The southernmost portion of the valley is a closed basin which emptied into Tulare Lake, Buena Vista Lake, and Kern Lake. These lakes and the surrounding seasonal wetlands have now mostly been drained and converted to cropland.

==Climate==
The ecoregion has a temperate Mediterranean climate, with most of the annual rainfall occurring during the winter months. Rainfall generally decreases from north to south. The western side of the valley, which is in the rain shadow of the Coast Ranges, is generally drier than the eastern side.

==Flora==
The dominant grasses in the moister areas of the valley were perennial bunch grasses, including Nassella pulchra mixed with other species. In the more extensive arid central regions this was probably not the case. Native species were adapted to cool-season growth during the wet winter months.

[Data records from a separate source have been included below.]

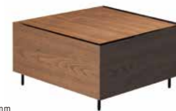
Center Table W700 D700 H400 mm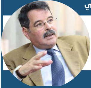
طالع السعود الأطلسي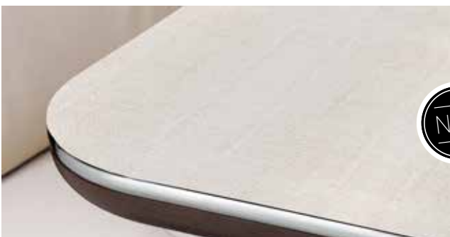
Tischplatte Quarz, Kante Trend (oder Life)

Introduced annual grasses, which germinate at the onset of the rainy season and set seed then die during the summer drought, now dominate most valley grasslands. Grassland wildflowers include California poppy (Eschscholzia californica), lupines, and purple owl's clover (Castilleja exserta), which can still be seen, especially in the Tehachapi Mountains and Antelope Valley south of the valley, and the Carrizo Plain southwest of the valley, where they create colorful springtime blooms.

Riverside trees include willows, western sycamore (Platanus racemosa), box elder (Acer negundo), Fremont cottonwood (Populus fremontii), and valley oak (Quercus lobata).

==Fauna==
The Central Valley was once home to large populations of pronghorn antelope (Antilocapra americana), elk including the endemic tule elk subspecies (Cervus elaphus nannodes), mule deer (Odocoileus hemionus), California ground squirrels, gophers, mice, hare, rabbits and kangaroo rats. Several species or subspecies of rodents are endemic or near-endemic to the southern valley habitats, including the Fresno kangaroo rat (Dipodomys nitratoides exilis), Tipton kangaroo rat (Dipodomys nitratoides nitratoides), San Joaquin pocket mouse (Perognathus inornatus), and giant kangaroo rat (Dipodomys ingens). The San Joaquin kit fox (Vulpes macrotis mutica) is an endangered subspecies surviving on the hillsides of the San Joaquin Valley.

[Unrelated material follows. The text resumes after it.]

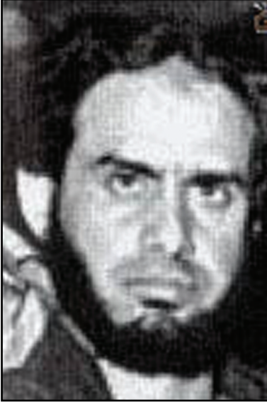
الإرهابي شكري مصطفى زعيم تنظيم «التكفير والهجرة»

The wetlands of the Valley were an important habitat for wintering waterbirds and migrating birds along the Pacific flyway. Three birds are nearly endemic to the ecoregion – the yellow-billed magpie (Pica nuttalli), tricolored blackbird (Agelaius tricolor), and Nuttall's woodpecker (Picoides nuttalii).

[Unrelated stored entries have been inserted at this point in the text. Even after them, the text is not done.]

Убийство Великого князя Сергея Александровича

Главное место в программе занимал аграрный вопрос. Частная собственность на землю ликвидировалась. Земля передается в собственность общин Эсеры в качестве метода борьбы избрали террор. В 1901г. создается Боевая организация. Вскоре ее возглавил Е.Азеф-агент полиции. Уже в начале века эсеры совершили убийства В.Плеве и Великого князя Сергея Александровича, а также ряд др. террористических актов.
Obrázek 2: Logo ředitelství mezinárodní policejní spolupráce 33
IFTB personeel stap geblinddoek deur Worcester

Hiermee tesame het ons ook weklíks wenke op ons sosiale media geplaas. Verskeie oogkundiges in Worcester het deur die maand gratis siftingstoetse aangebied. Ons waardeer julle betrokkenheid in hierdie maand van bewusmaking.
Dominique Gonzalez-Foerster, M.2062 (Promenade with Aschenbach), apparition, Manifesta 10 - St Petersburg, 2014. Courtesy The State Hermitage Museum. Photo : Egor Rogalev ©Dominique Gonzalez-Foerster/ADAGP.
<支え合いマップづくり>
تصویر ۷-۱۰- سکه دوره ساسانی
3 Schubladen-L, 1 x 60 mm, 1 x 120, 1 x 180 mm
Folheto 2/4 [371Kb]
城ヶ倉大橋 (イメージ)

Reptiles and amphibians of the valley include the endemic San Joaquin coachwhip snake (Masticophis flagellum ruddocki), blunt-nosed leopard lizard (Gambelia sila), Gilbert's skink (Eumeces gilberti) and the western aquatic garter snake (Thamnophis couchii). There are also a number of endemic invertebrates.

The Central Valley is also home to a wide variety of endemic fish species, including the Sacramento pikeminnow, Sacramento perch, Sacramento blackfish, and Sacramento splittail, among others.

==Protected areas==

1,935 km^{2}, or 4%, of the ecoregion is in protected areas. 3% of the area outside protected areas remains in grassland or other undeveloped habitat. Most of the protected and undeveloped area is dominated by introduced species, with smaller areas of relatively intact habitat.

The Great Valley Grasslands State Park preserves an example of the habitat in the valley, while oak savanna habitats remain near Visalia. There are areas of wetland and riverside woodland in the north especially on the Sacramento River system including the Nature Conservancy's Cosumnes River Preserve just south of Sacramento, Gray Lodge Wildlife Area, Butte Sink Wildlife Management Area, and other patches in the delta area. Remaining vernal pools include Pixley National Wildlife Refuge between Tulare, and Bakersfield and Jepson Prairie Preserve in the delta. There are large blocks of desert scrubland in the southern San Joaquin Valley and in the Carrizo Plain, a basin lying southwest of the Central Valley in the Coast Ranges which has a similar climate and landscape.